What happens to us in the time it takes to knit a scarf?

Life in the length of a scarf. Do I have time to pick my “obligatory” blog theme? Should I spend time with that? Making this page look all nice and pretty so that everyone wants to come look at my pretty pretty blog about absolutely nothing?

There are so many blogs. So many concepts. Maybe this one has even been done before. I wouldn’t know. I don’t really read blogs or know anything about them. I’m a Gen-X-Y Cusper. Geez, that sounds sort of hermaphroditic, doesn’t it? I should be twittering or something. Or Plus One’ing. That’s the new one right?

Truth be told? I don’t have cable television. I don’t have an I-Phone and I can’t even find my Ipod. But really? Make a mix CD, really, man. Make a MIX TAPE. Because if you really like a girl? Take the time to fucking do that, you know? If you’re wondering why romance is dead it’s because of technology. You can debate that all you want, um, whoever “you” are. But really.

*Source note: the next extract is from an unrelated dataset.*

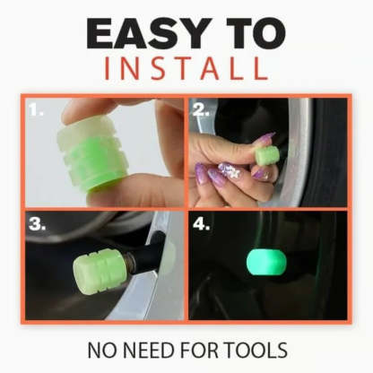 Fluorescent valve caps protect tire valves from dust and prevent leaking while adding a shiny and luxurious look to your car.
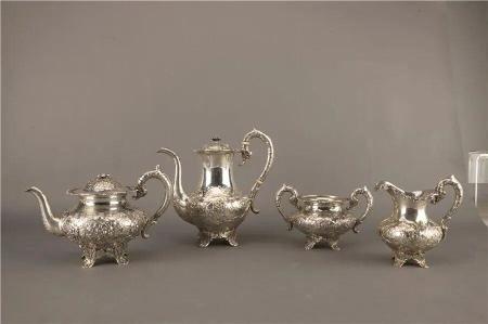 “新文艺复兴风格”银錾花卉纹咖啡壶(左二)图/广东省博物馆

If a guy took the time to make a mixtape for me with songs that all remind him of me and us and our love and things we did and walks in the fucking park? Damn guys, you’d all be planning a wedding right now instead of reading this blog. But that’s right. You don’t want to have anything to do with the planning aspect. You just want “commitment”. Feminist rant? Nah. No time to get angry really. No time to get angry.

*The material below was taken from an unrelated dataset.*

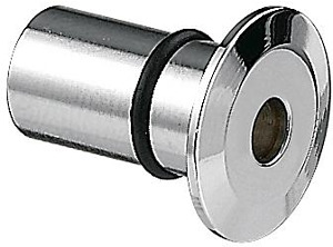 Austrittselement, für Faser S2 und S2M, chrom matt, rund. Material: Messing, Aussendurchmesser: Ø 17,5 mm, Höhe Außenring: 1,5 mm, Einbautiefe ohne Faser: 20 mm, Einbautiefe mit Faser: 100 mm, Bohrdurchmesser: Ø 10 mm, Befestigungsart: Kleben (mit Brumberg-Kleber 48290000).

I have to knit this scarf. I frogged the one I was working on. I didn’t like the way the colorway was turning out. I don’t even know if that’s the correct term but I sure as fuck like using it.

So. Damn. This all happened before I started knitting the scarf. So it doesn’t count. So don’t read it. Stop reading this right now.

I told you to stop! This is before the project. But I came up with the idea for the project and then did this.

The time it takes to do something includes the time it takes to think of doing something.

That’s kind of depressing. Because I thought of this, frogged the old scarf, took pictures and video of me doing so, smoked a bowl and decided to be Ink Ogneato. Real original there. Ink.


So I guess….so I guess….if you really wanted to. You could smoke, turn on The Black Keys and then start reading this from the beginning and past the part where I said to stop reading because then you’d never get to this part.

Cast on, girl, cast on.

While you think about men. And how you can’t stop. Stop it. Wanting that feeling.